**Exercise requirements**
Omit images. Retype all entries verbatim.

**Data for processing**
______________________________

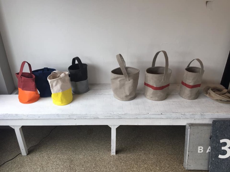 もともとアパレル業に就いてた岩尾さんは、産地に関心を持ち、岡山へ移住。そこで出会った船舶用の防災バケツをリプロダクト。
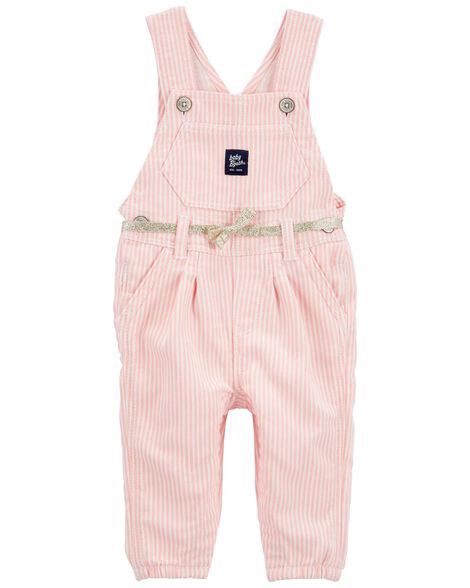 Oshkosh Baby Stretchy Hickory Stripe Overalls Pink 6M
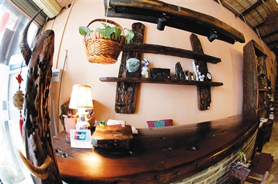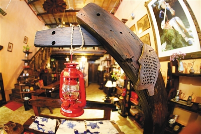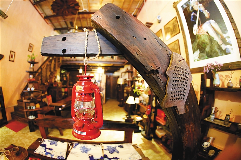 走进位于海口骑楼老街的小店“老船长”,就仿佛置身于一座古老而神秘的船舱。桌椅、画框、台灯乃至楼梯的扶手……目光所及之物,几乎全是由一块块船木精巧打造而成,在昏黄暖人的灯光下,晕散着幽暗迷人的光圈。
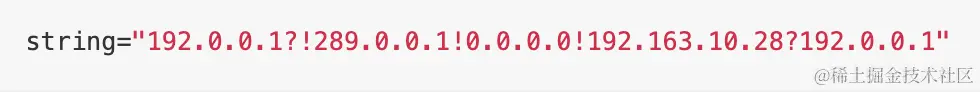 *string="192.0.0.1?!289.0.0.1!0.0.0.0!192.163.10.28?192.0.0.1"
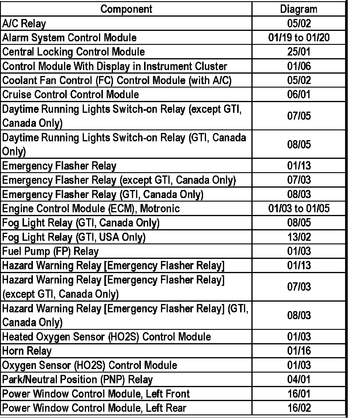 Master Diagram Index
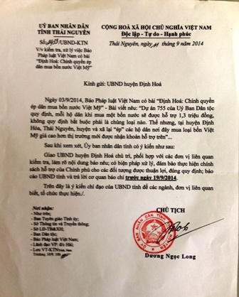 (PLO) - Ngay sau khi Báo PLVN đăng tải thông tin phản ánh việc UBND các xã và huyện Định Hóa “ép” người dân nơi đây phải mua bồn nước Việt Mỹ, Chủ tịch Tỉnh UBND Tỉnh Thái Nguyên đã có văn bản yêu cầu UBND huyện Định Hóa kiểm tra, xử lý sự việc mà Báo đã nêu, báo cáo UBND Tỉnh và trả lời báo PLVN trước ngày 19/9/2014.
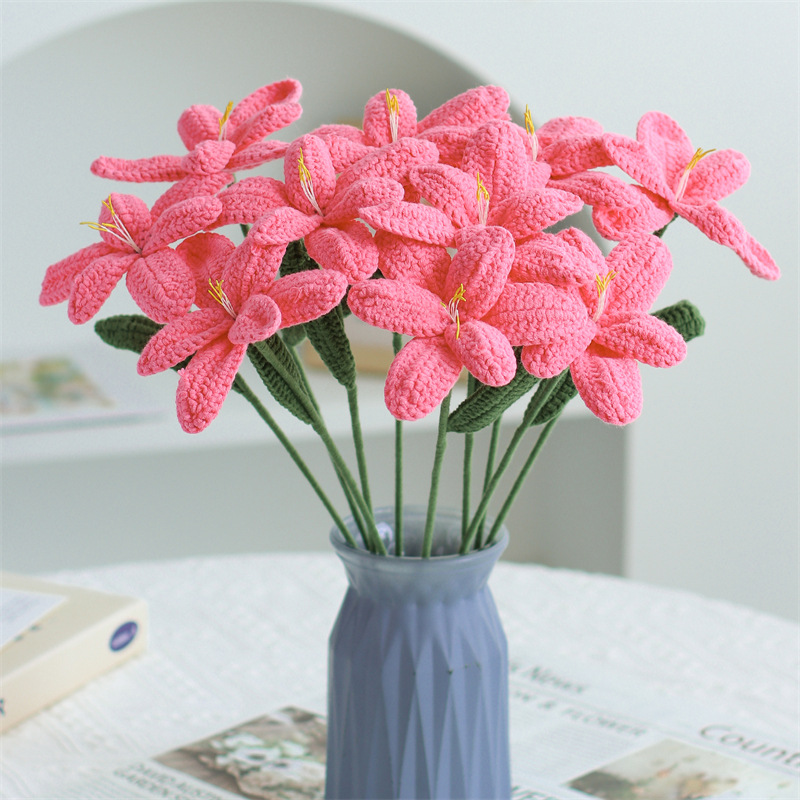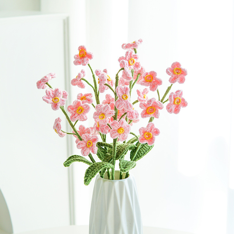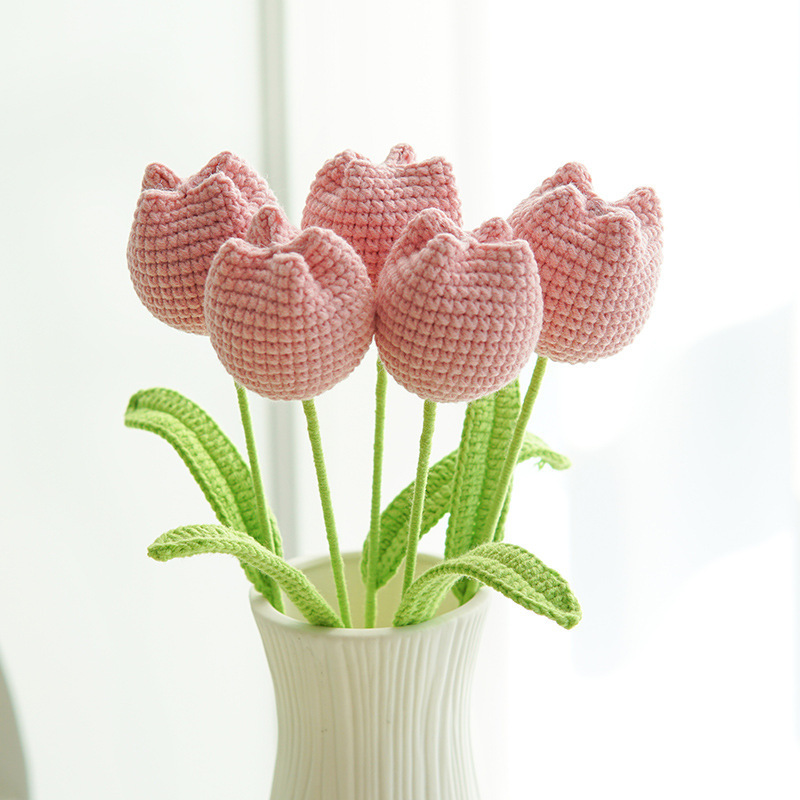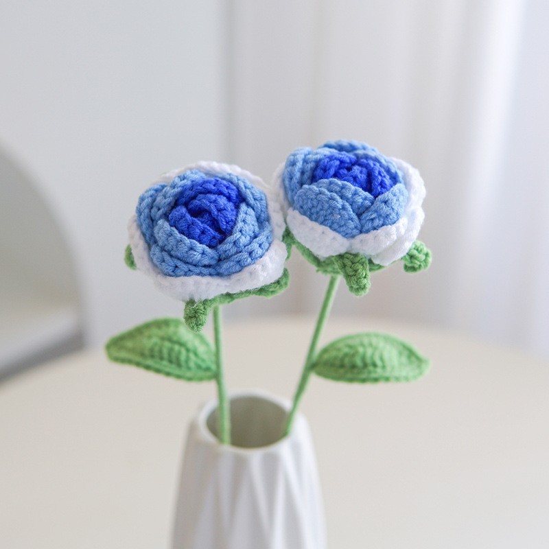 亚马逊手工编织成品花束牛奶棉玫瑰仿真花毛线针织假花教师节花束
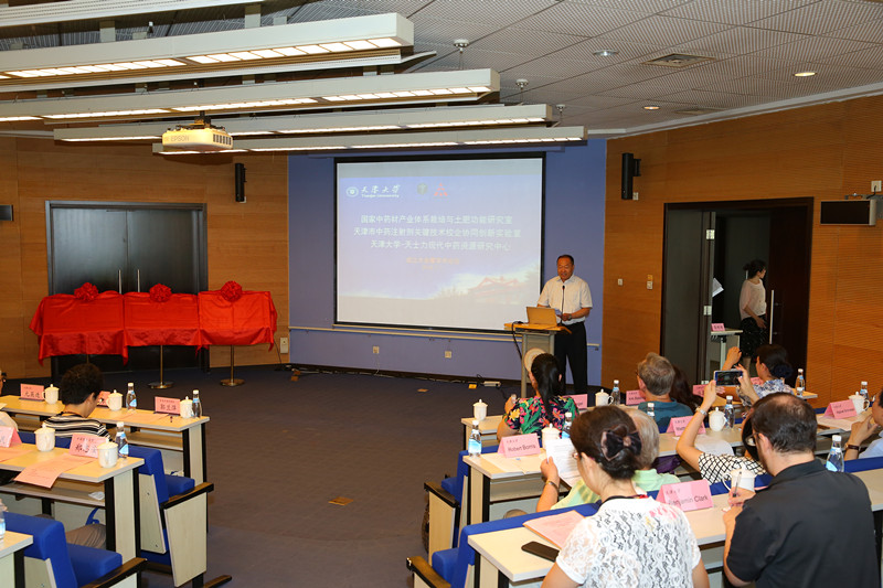 揭牌仪式结束后,天津大学药学院Jay Siegel院长结合国际生物学和药学发展趋势,详细介绍了药学院的国际化健康平台的发展规划。国家中药材产业体系办公室主任、国家中药资源中心副主任郭兰萍研究员就“生态农业-中药农业的必由之路”做了精彩的学术报告。
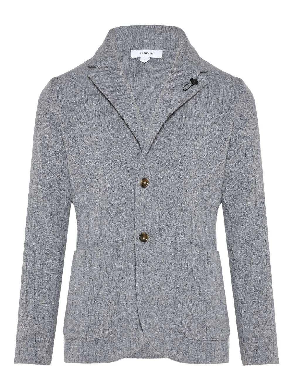 notch-collar ribbed cardigan Highlights - Grey - Ribbed texture - Front button fastening - Notched lapel - Front patch pockets - Pin detail Made in Italy Composition Virgin Wool 90%, Cashmere 10% Washing instructions Read Manufacturer Guidelines

______________________________

**Solution to this problem**
 もともとアパレル業に就いてた岩尾さんは、産地に関心を持ち、岡山へ移住。そこで出会った船舶用の防災バケツをリプロダクト。
 Oshkosh Baby Stretchy Hickory Stripe Overalls Pink 6M
 走进位于海口骑楼老街的小店“老船长”,就仿佛置身于一座古老而神秘的船舱。桌椅、画框、台灯乃至楼梯的扶手……目光所及之物,几乎全是由一块块船木精巧打造而成,在昏黄暖人的灯光下,晕散着幽暗迷人的光圈。
 *string="192.0.0.1?!289.0.0.1!0.0.0.0!192.163.10.28?192.0.0.1"
 Master Diagram Index
 (PLO) - Ngay sau khi Báo PLVN đăng tải thông tin phản ánh việc UBND các xã và huyện Định Hóa “ép” người dân nơi đây phải mua bồn nước Việt Mỹ, Chủ tịch Tỉnh UBND Tỉnh Thái Nguyên đã có văn bản yêu cầu UBND huyện Định Hóa kiểm tra, xử lý sự việc mà Báo đã nêu, báo cáo UBND Tỉnh và trả lời báo PLVN trước ngày 19/9/2014.
 亚马逊手工编织成品花束牛奶棉玫瑰仿真花毛线针织假花教师节花束
 揭牌仪式结束后,天津大学药学院Jay Siegel院长结合国际生物学和药学发展趋势,详细介绍了药学院的国际化健康平台的发展规划。国家中药材产业体系办公室主任、国家中药资源中心副主任郭兰萍研究员就“生态农业-中药农业的必由之路”做了精彩的学术报告。
 notch-collar ribbed cardigan Highlights - Grey - Ribbed texture - Front button fastening - Notched lapel - Front patch pockets - Pin detail Made in Italy Composition Virgin Wool 90%, Cashmere 10% Washing instructions Read Manufacturer Guidelines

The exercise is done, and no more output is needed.